In reality, both of which are actually pretty essential skills. Nor do most learners get to tackle heavy city-centre congestion or mountain roads. And none ever ride on motorways. So by these measures, whilst a newly-qualified rider should be capable of coping with standard town traffic, they would not likely be competent in all areas.
I’ve written elsewhere about how cognitive load and fatigue limit learning — see my article on how far is too far for a training day.
What about riders who’ve taken post-test training, maybe gaining an advanced riding qualification along the way?
Rider Competence and post-test training
Well, even with their gong, some riders continue to dodge big cities. Others still avoid motorways. Many actively stay away from narrow country roads. Many a time I’ve been told “I don’t enjoy riding in those conditions so I avoid them”. We may not enjoy all riding environments, but when there are places we actively avoid, then we can’t claim to be fully competent either, regardless of having demonstrated an ‘advanced’ level of riding skills on test.
There’s also a mental element to rider competence which I believe is very much ignored at both basic and post-test level, And that’s the acceptance of responsibility for our choices.
And that starts with understand that we actually MADE choices and that we weren’t forced into a course of action by unavoidable circumstances. A driver didn’t pull out on us “from nowhere” – the car came from somewhere. The bend didn’t “tighten up on us” – we didn’t read it correctly. Most dangerously of all, if an overtake goes wrong, it wasn’t “the driver’s fault for not checking his mirrors”, it was our responsibility not to put ourselves into the position where we could end up in difficulties. In short, if we’re still blaming other road users when we end up in a potentially-dangerous situation, then we’re not demonstrating competence either.
So here’s what I do when I’m training; I apply a cascade of questions:
1. did we arrive in one piece at the end of the journey? If we didn’t then we’re obviously not competent. If we did, we can move to the next question…
2. did we force other road users to change speed or direction to avoid us? If we did, then it’s the actions of others keeping us safe on the road, not our own riding behaviour – we’re still not competent.
3. did we scare ourselves and have to take serious evasive action along the way?

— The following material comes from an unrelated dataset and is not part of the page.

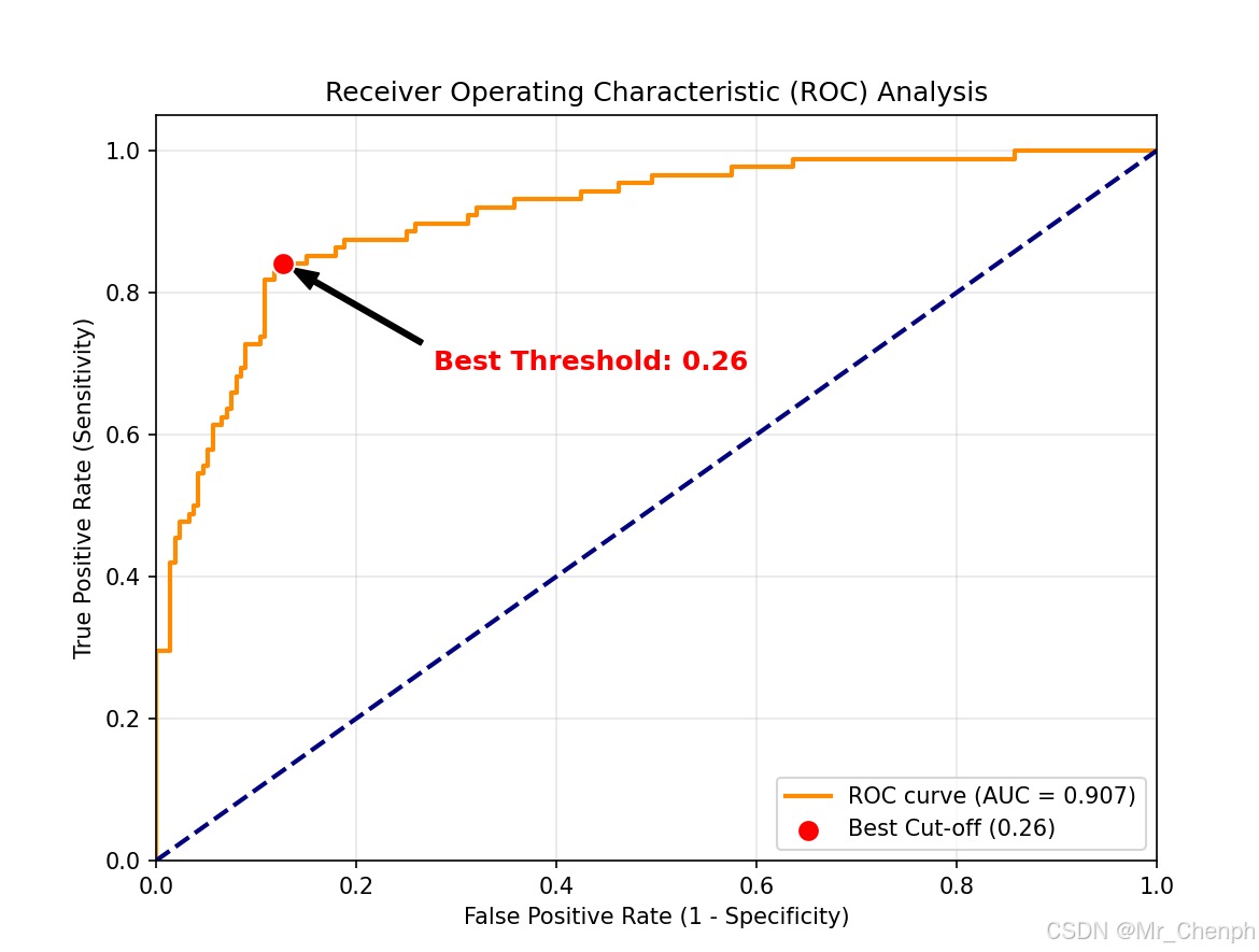 模型输出通常是 0 到 1 之间的概率。我们需要一个"切点"来决定超过多少分为阳性。 最常用的方法是 约登指数 (Youden's J statistic):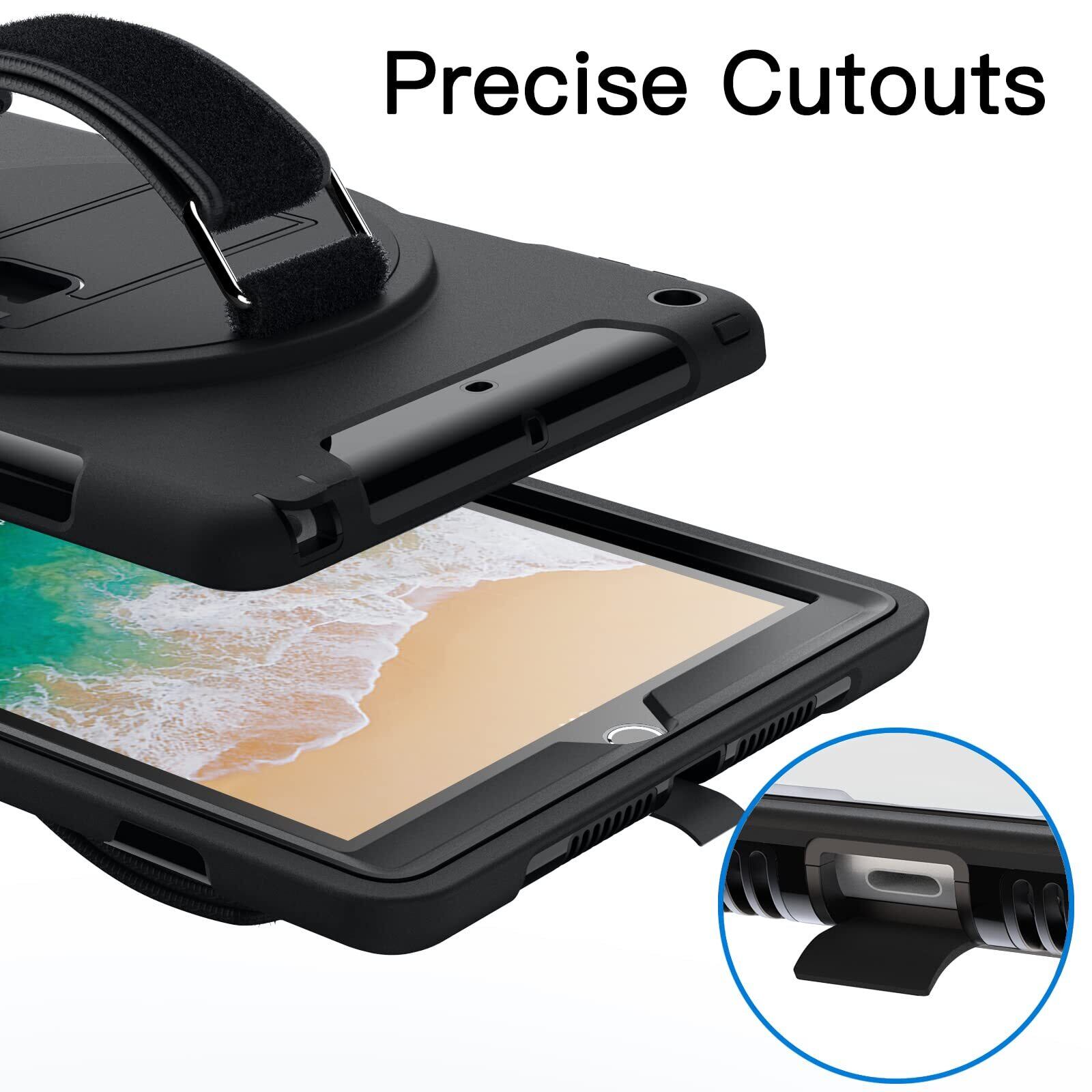JEDirect iPad 9.7インチ ケース (第6/5世代、2018/2017モデル) 液晶保護フィルム付き 保護耐衝撃頑丈なタブレットカバー 360°回転ハンドストラップスタンド (ブラック)

If we did, then clearly there was an element of luck involved in keeping us out of trouble, and we’re not competent yet. If we got there with no frights, then the next question…
4. did we arrive by gliding around other road users without impacting their choices, did we arrive without any sudden scares or evasive manoeuvres on our part? If we did, then it’s likely we are competent enough.
If you want to check your own riding for competence, you can try answering these questions based on your own riding. But naturally, those answers lead to another series of questions. What are the skills and knowledge that are absolutely NECESSARY for a rider to know and to be able to perform to reach competency? What SHOULD a rider know? And what’s just NICE – the superficial gloss which looks good but doesn’t actually add any particular value to our riding? Next time, I’ll try to answer that.
Final point. We are unlikely to be competent at every area of riding. But the more areas we can tick off, the safer we’re likely to be out on the roads.